Dr. Bob said:
It really grates me to hear people complain about the availability of HD radios when the technology, in many ways, parallels the acceptance of FM and color television. They conveniently forget the FM was a higher priced option in the early 70's on most cars and that color television didn't really become mainstream until RCA decided to accept reduced patent royalties so the price and availability of sets came down.
Some autos may have had AM stereo "standard" but the developers of the systems expected a return on investment. That return was generally the broadcast equipment manufactures paying royalties to the developers and passing them on as increased costs to the stations purchasing the equipment although Motorola did have royalties on their stereo decoder ICs for some time.

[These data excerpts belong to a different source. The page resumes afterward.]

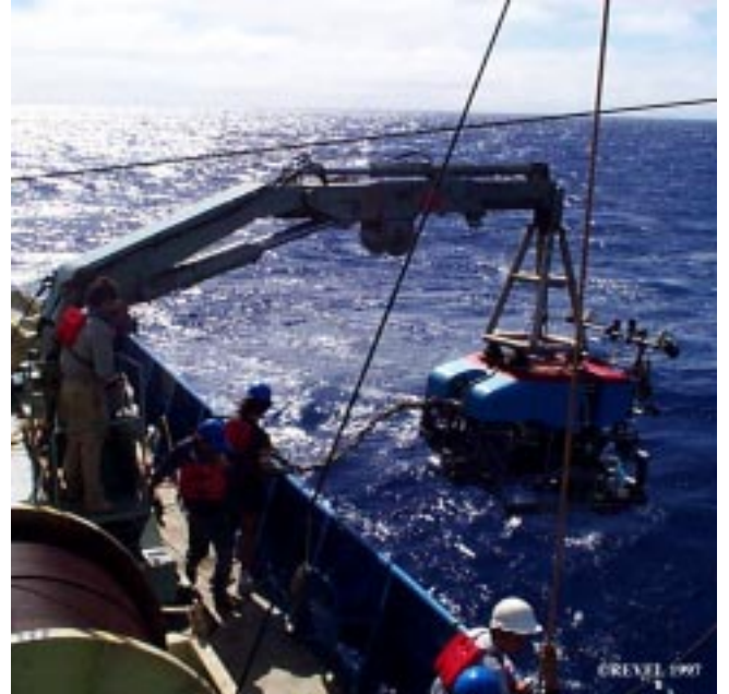
immersion du robot "Jason", celui qui a découvert l'épave du "Titanic"

A plus de 2000 m. de profondeur, il y a des raies, certains poissons, des crabes araignées, des vers vestimentifères ; il y a aussi des bactéries.
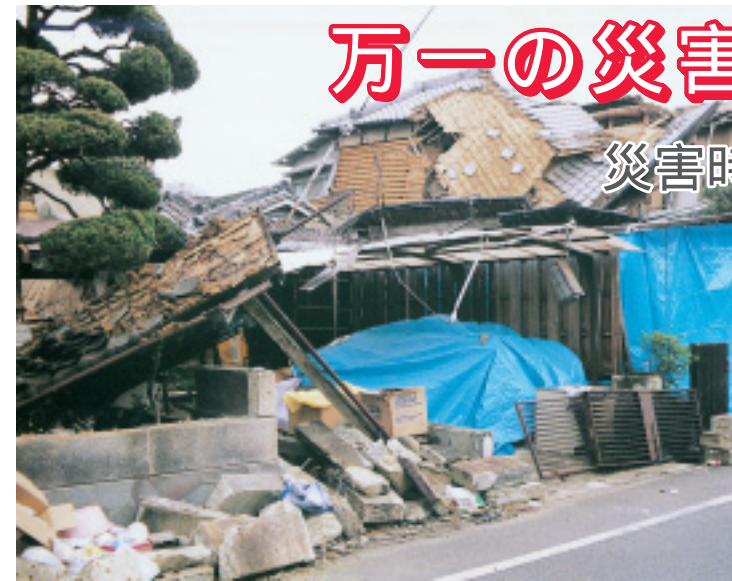
最大震度7を記録した阪神・淡路大震災

なぜ、登録が必要なのか 平成7年に発生した阪神・淡路大震災では、6,434人の尊い命が奪われました。その犠牲者の半数は援護などが必要な高齢者や障害者で、災害発生直後の救出活動が迅速に行われなかったこと、被災後の生活ケアが不十分であったことなどが大きな要因です。こうした過去の教訓から社会的弱者への支援対策がクローズアップされています。 しかし、近年都市化とともに隣近所の付き合いが希薄になる傾向があり、地域の中で高齢者や障害者がどこに住んでいるのか近隣の住民でさえ把握できていないのが現状です。「災害時要援護者登録制度」は、高齢者や障害者などが、災害時に地域の中で支援を受けることができるようにする制度です。
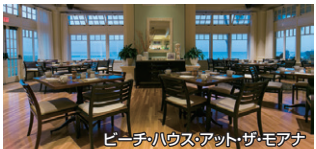
ビーチ・ハウス・アット・ザ・モアナ

モアナ サーフライダー ■レストラン/ビーチ・ハウス・アット・ザ・モアナ ■対象コース/カップル:モアナ サーフライダー 同行者:対象ホテル(★) ■予約可能時間/17:30~21:00 (18:30~19:30を除く) ■予約コード/SF3202 ■追加料金(お1人)/6名まで:無料 7人目以降大人:16,000円、子ども7,000円
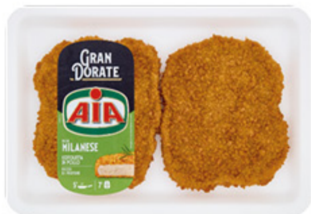
COTOLETTA DI POLLO ALLA MILANESE AIA 280G
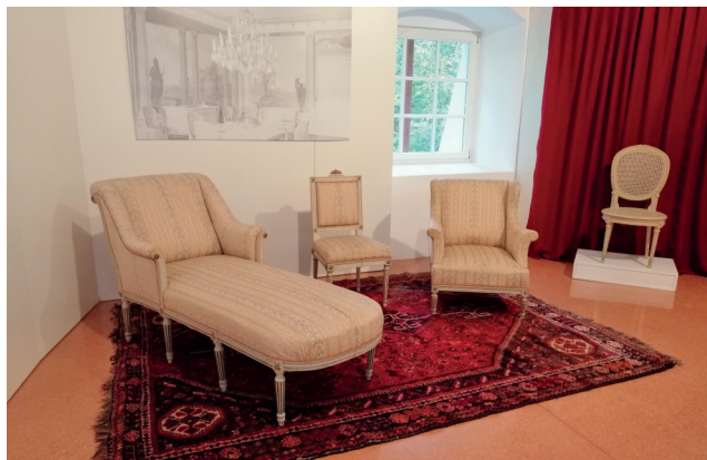
Ohranjeni pohištveni kosi iz ormoškega gradu. Hrani: Pokrajinski muzej Ptuj – Ormož.

Razstava Pisani svet pupik (odprtje 13. marca 2021) predstavlja punčke, igrače mnogih generacij otrok preteklega stoletja, ki so se do danes zelo spremenile. Sprva so bile izdelane iz cunj in bile predvsem igračke deklic. Marsikateri je tako preprosto izdelana punčka iz ostankov blaga predstavljala edino igračo, zato je nanjo še posebej skrbno pazila. Najstarejša na razstavi predstavljena punčka je izdelana iz porcelana in stara okoli sto let. 11
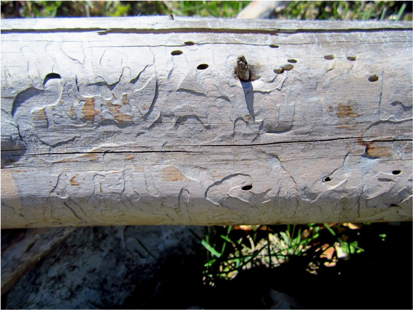
19- ramo di pino finemente lavorato dai tarli.
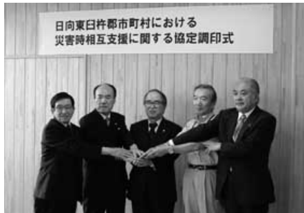
日向東日杵郡市町村における 災害時相互支援に関する協定調印式

去る7月20日に、日向市役所において日向市、門川町、美郷町、諸塚村、椎葉村の1市2町2村による災害時相互支援に関する協定が結ばれました。 これは、広域的な災害対策の取組の一環として、災害時におけるより迅速かつ細やかな相互支援を行うために、1市2町2村が協議して必要性がある場合に相互に支援を実施するという内容の協定であります。
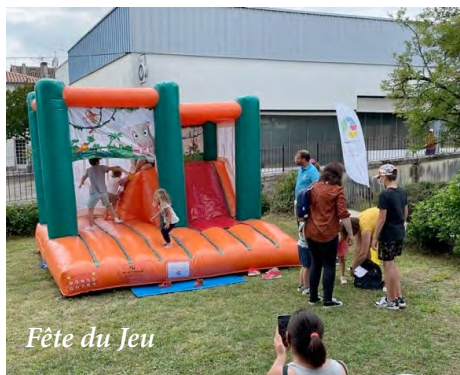
Fête du Jeu
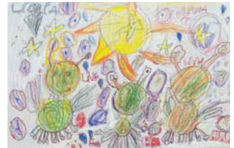
Lívia Balluchová, 5 r., Mimozemšťania
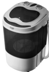
Mini washing machine with spinning function AD 8051
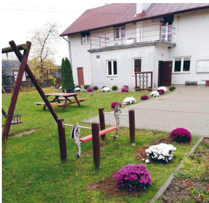
ŚWIELICA W LASOCINIE
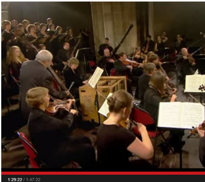
Bach: Mass in B minor, BWV 232 | Akademie für Alte Musik Berlin 1

J. S. Bach: das "Osanna" aus der "h-Moll-Messe", BWV 232 (SE-20)
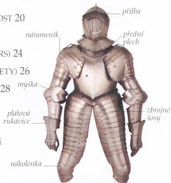
NĚMECKÁ KYRYSNICKÁ TRÍČTVRTEČNÍ ZBROJ, 17. STOLETÍ
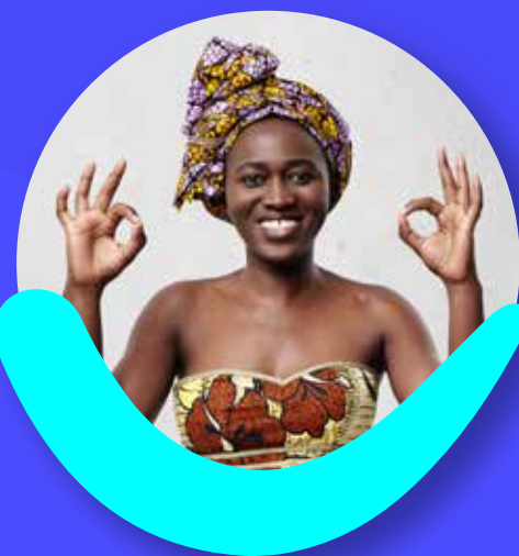
Mujeres Víctimas de la Violencia

Su empresa recibe beneficios tributarios y económicos cada vez que contrata a:

You want digital radio to be free for anyone to build transmitters and receivers without the developers being able to get a return on investment?
Bob
How many stations are operating in AM stereo now? They are free to install the equipment
The main differences between FM stereo, color television, and HD radio are that:
1) Both were things the consumer actually WANTED. Color on television was spurred by color in the movies. People wanted that experience at home, and are still wanting the home cinema experience now. Stereo was something people wanted in music - they had stereo on albums, and there needed to be a way to broadcast it than simulcast on AM and FM stations. People do not want HD radio - the sound improvement is only noticeable on very high end audio systems. They want HD-2 formats, but stations around the country are finding that people want the format, but on a second FM station they can receive with their present radio.
2) The FM stereo system, color television system did not degrade the bands. Both were elegant engineering solutions made by engineers who understood the necessity of not degrading the existing service in any way. HD radio was a kludged together mess made by engineers who did not take the time to adequately test the system and discover problems that are all too apparent now: HD radio degrades first adjacents on FM, and first and second adjacents on AM. It reduces coverage on both bands. Higher power levels on FM sidebands make a bad self-noise situation on FM much worse. The system is not robust, coverage is terrible, dropouts frequent, and recovery lock periods long. The introduction of the system on AM coincided with the introduction of cheap wideband AM radios that allow 10-15 kHz noise to bleed through the cheap tiny speakers and earbuds, making an AM HD station virtually unlistenable on $5 cheapie radios. The HD engineers solution to the problem? Insult and marginalize anybody pointing out the obvious problems, alienate the technical community of DX'ers as outmoded, wierd geeks who are out of touch with the modern world and reality - and concoct ridiculous studies carefully slanted to ignore the problems.
AM stereo was a fairly inexpensive addition. HD capability is much more expensive - percentage wise - to add to a station and to a radio. The only reasons why AM stereo failed to catch on is that by the time it was introduced, music listeners had moved on to FM, and AM had become the domain of blithering idiots of talk and slobs of sports. And the FCC did not help by being wishy washy on adopting a standard. AM stereo had become an irrelevancy.
I don't give a rodent's posterior about whether iBiquity make a return on investment or not. The system they foisted on the American public is defective and destructive to reception - they ought to go bankrupt. If somebody did a good job of digital radio, they needed a clear business plan showing how they would make a return on investment. One that did not depend on high pressure scare sales tactics, and on consumer acceptance and enthusiasm - which was a tremendous unknown and now has bitten them in the posterior.